In simple terms, rapid change of price can be described, as Momentum. Interpretation of Momentum can be described in many ways. Some may say that it could be trend like MCAD or other may argue that it is based on RSI. I have a very different argument. During my association with one of the leading global bank, I had the opportunity to meet and discuss with leading currency Analyst/Chartist or known Guru’s. Honestly, most of them were in disagreement with me, as neither they would agree with my concept of trading nor I was willing to compromise with them. I still believe that they would not support way of trading. But let me share with you that I had a very successful 15 years of trading and I would like to share my strategy with the readers. My argument is that chart analysis is useful in a dead market, but is not effective in a Volatile market, when there are erratic moves on Economic data, statements by financial officials or due to major global factors that could influence the market.

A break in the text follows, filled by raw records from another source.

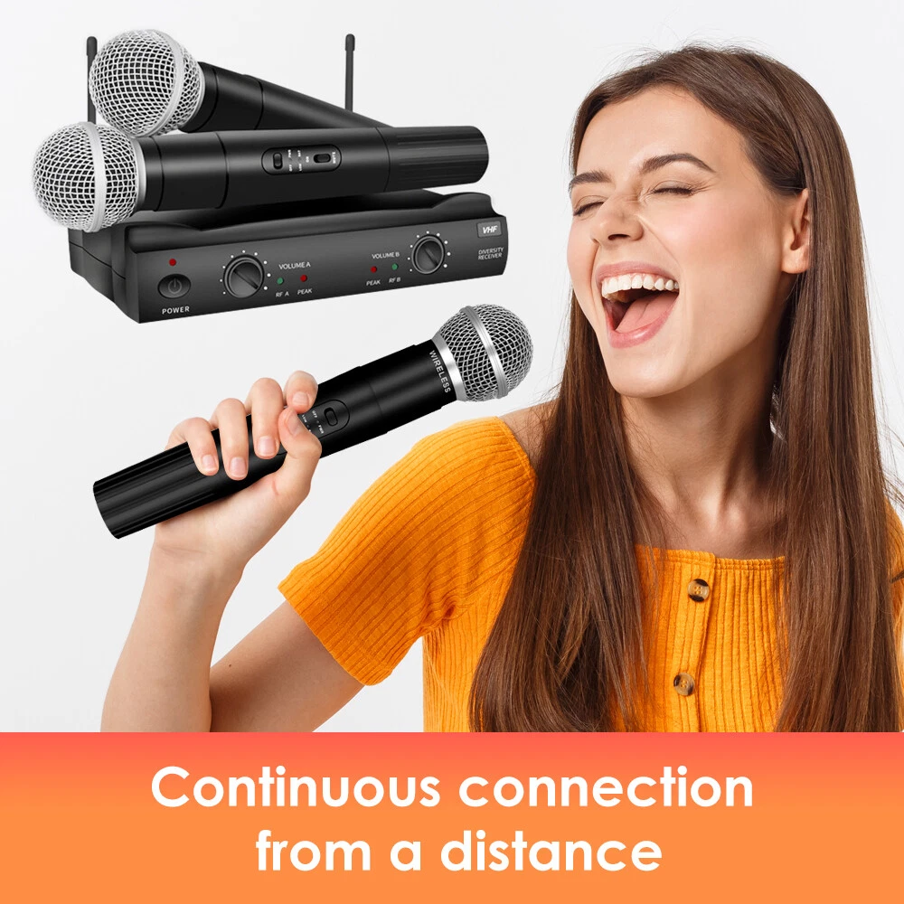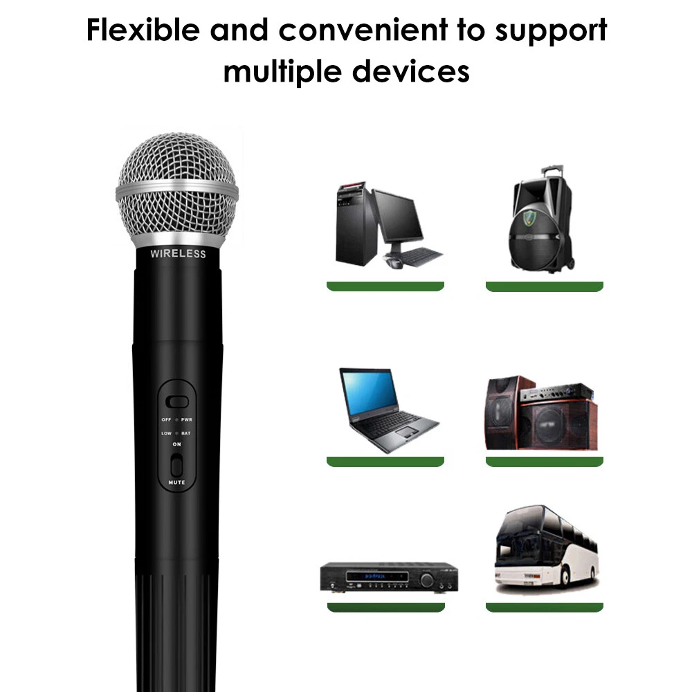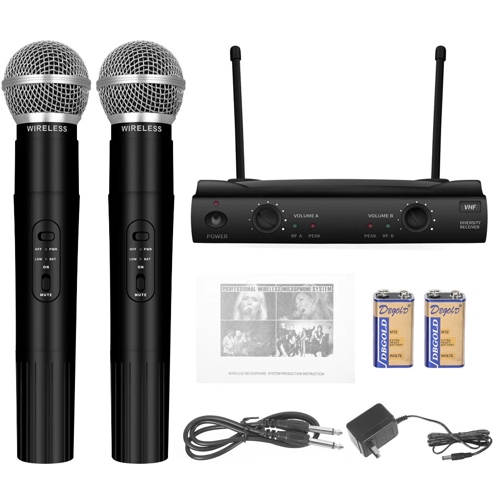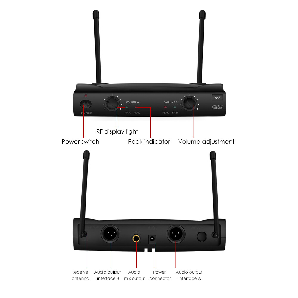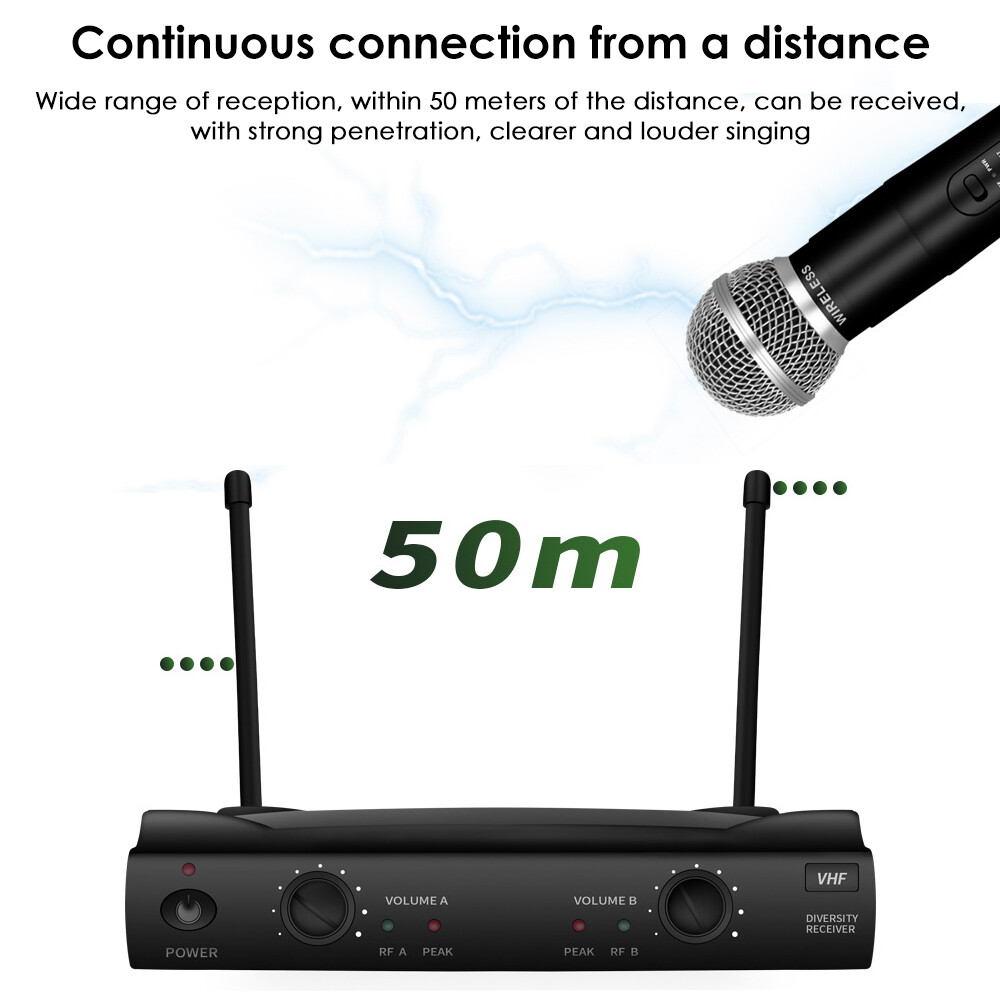Specifics: Name: one tow two wireless microphone Receiver power supply: DC9-15V200MA Interference ratio greater than 80DB Transmitter power supply voltage: 2 sections of 1.5V battery Modulation mode: FM, F3F Package List: 2 x Handheld Microphones 2 x 2 AA Batteries 1 x VHF Receiver 1 x 6.5MM Connection Cable 1 x US Standard Power Adapter 1 x Manual Features: VHF dual-channel cordless microphone system UT4 receiver wireless vocal karaoke 1.VHF 500 MHZ 1X2 channel receiver, PLL frequency digital synthesis. 2. High fidelity cartridge module. 3. Super anti-interference circuit design. 4.Ultra low background noise. 5,Transmitting range: within 50 meters. 6. Stage performance, conference and lecture, family gathering and singing, outdoor playing, a variety of occasions to use, get rid of site Features: VHF dual-channel cordless microphone system UT4 receiver wireless vocal karaoke 1.VHF 500 MHZ 1X2 channel receiver, PLL frequency digital synthesis. 2. High fidelity cartridge module. 3. Super anti-interference circuit design. 4.Ultra low background noise. 5,Transmitting range: within 50 meters. 6. Stage performance, conference and lecture, family gathering and singing, outdoor playing, a variety of occasions to use, get rid of site restrictions. 7. Support a variety of devices, desktop computers, trolley speakers, laptop computers, card pack speakers, amplifiers, bus vehicles. 8. Dual-frequency design, can be used with two handheld microphone without interference. 9. Intelligent power management, low power consumption type design, up to 8 hours of battery life. Specifics: Name: one tow two wireless microphone Receiver power supply: DC9-15V200MA Interference ratio greater than 80DB Transmitter power supply voltage: 2 sections of 1.5V battery Modulation mode: FM, F3F Package List: 2 x Handheld Microphones 2 x 2 AA Batteries 1 x VHF Receiver 1 x 6.5MM Connection Cable 1 x US Standard Power Adapter 1 x Manual On Aug 1, 2024 at 14:10:59 PDT, seller added the following information: On Oct 8, 2024 at 04:47:07 PDT, seller added the following information: On Dec 5, 2024 at 18:44:15 PST, seller added the following information: On May 13, 2025 at 02:35:31 PDT, seller added the following information: On Jul 16, 2025 at 18:39:13 PDT, seller added the following information: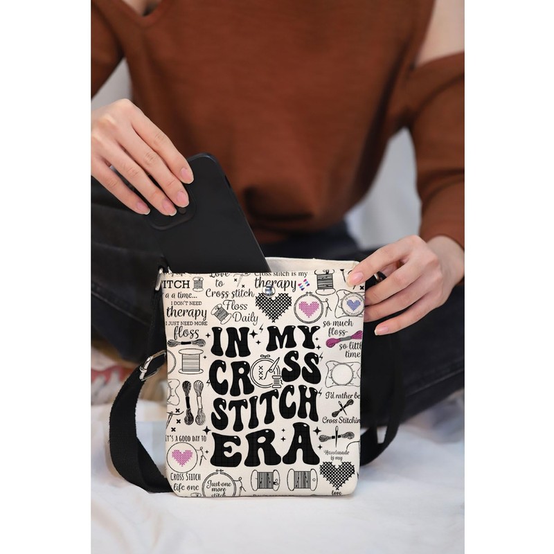 MAOFAED Cross Stitch Gift, Sewing Gift, In My Cross Stitch Era Crossbody Bag for Women, Taking Life One Stitch At A Time (crossstitch eraCA)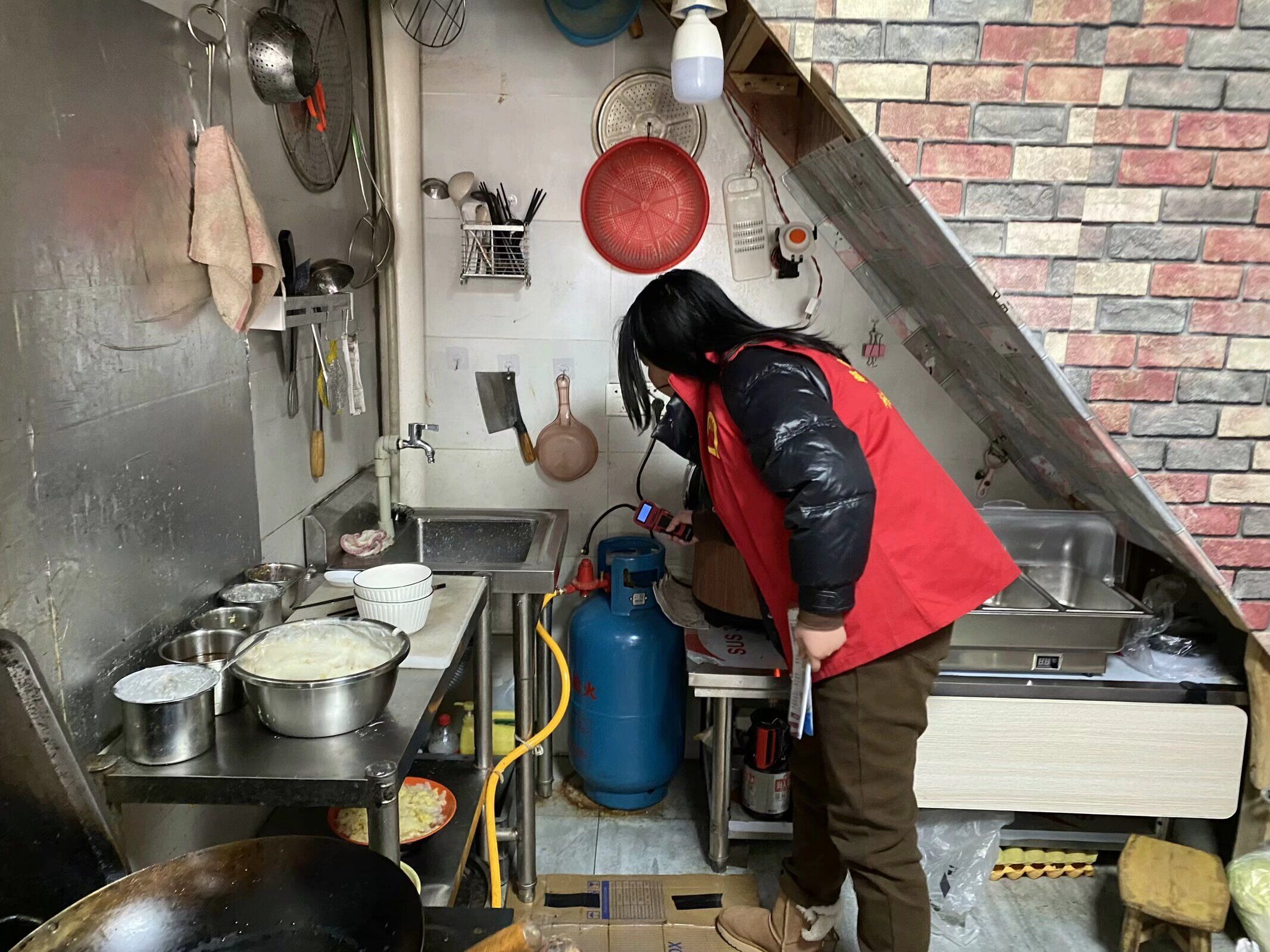 进楼栋,查电动车楼道充电、查消防通道堵塞、查消防设施;进商铺,查燃气、查油污、查三合一,现场协调并解决具体问题,用实际行动将安全保障做实、做细、做好。在“交互式”排查中,大家不漏楼层、不漏点位、不漏场所、不漏设施,守牢居民安全的“最后一道防线”。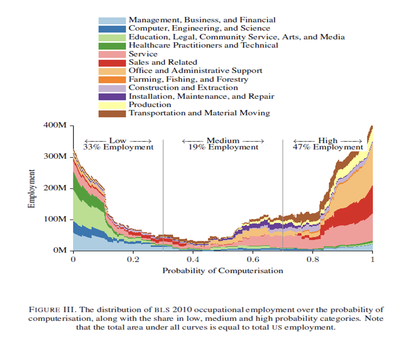 L’impatto occupazionale previsto è riportato nella Figura III (dello studio), e distingue tra occupazioni ad alto, medio e basso rischio, a seconda della loro probabilità di computerizzazione.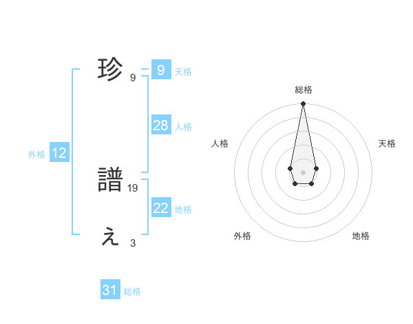 珍 譜ぇさんの総格は31画の5点!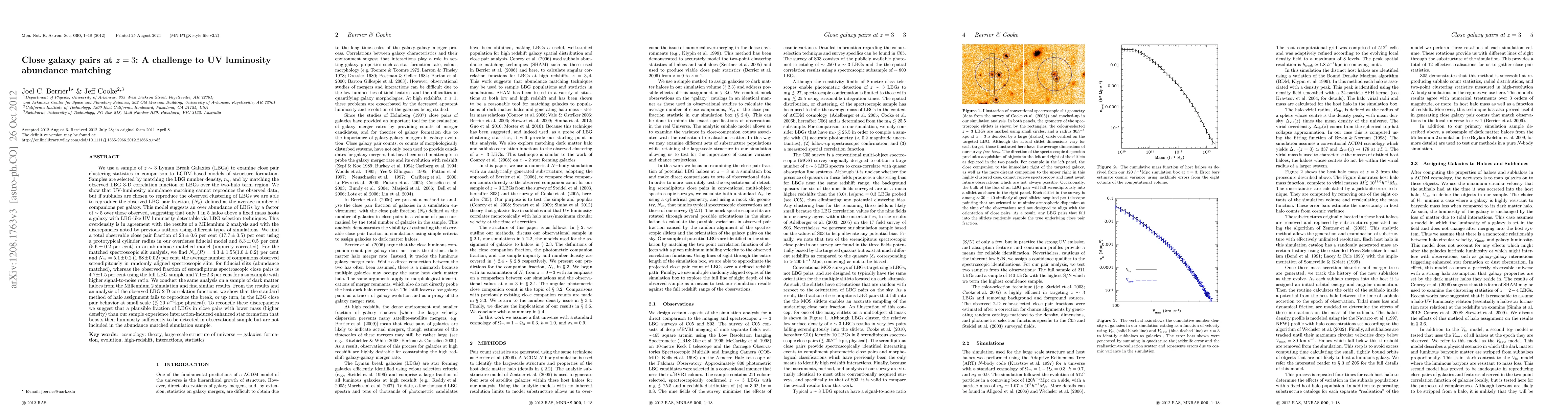 This study uses z~3 Lyman Break Galaxies (LBGs) to analyze close pair clustering, finding that UV-luminosity abundance matching fails to reproduce observed data. By selecting subhalos to match LBG clustering, the research suggests an overabundance of LBGs, indicating only 1 in 5 massive halos hosts a detectable LBG. The observable close pair fraction is 23% in the overdense model versus 8.3% in the abundance-matched model. The findings imply that interaction-induced star formation boosts luminosity of some undetected, lower-mass LBGs in close pairs.

I believe in conventional charting, which is very simple. Combine Conventional Charting with the economic happening, which means learn effective use of line charting to determine the Support and Resistance levels. Simply work your lines on Short-Term, Medium Term and Long Term Charts and follow all the Economic happenings. Do not confuse yourself by reading and learning too many technical. In short you have to be a mini economist, a mini journalist, a mini chartist to dear a perfect line to know the Support & Resistance levels. Another important point I would like to share with the readers, a commentary is always based on position taken the commentator or his institution.
If are keen to know about my accuracy of forecast, please follow the link dated January 08 Outlook for 2007.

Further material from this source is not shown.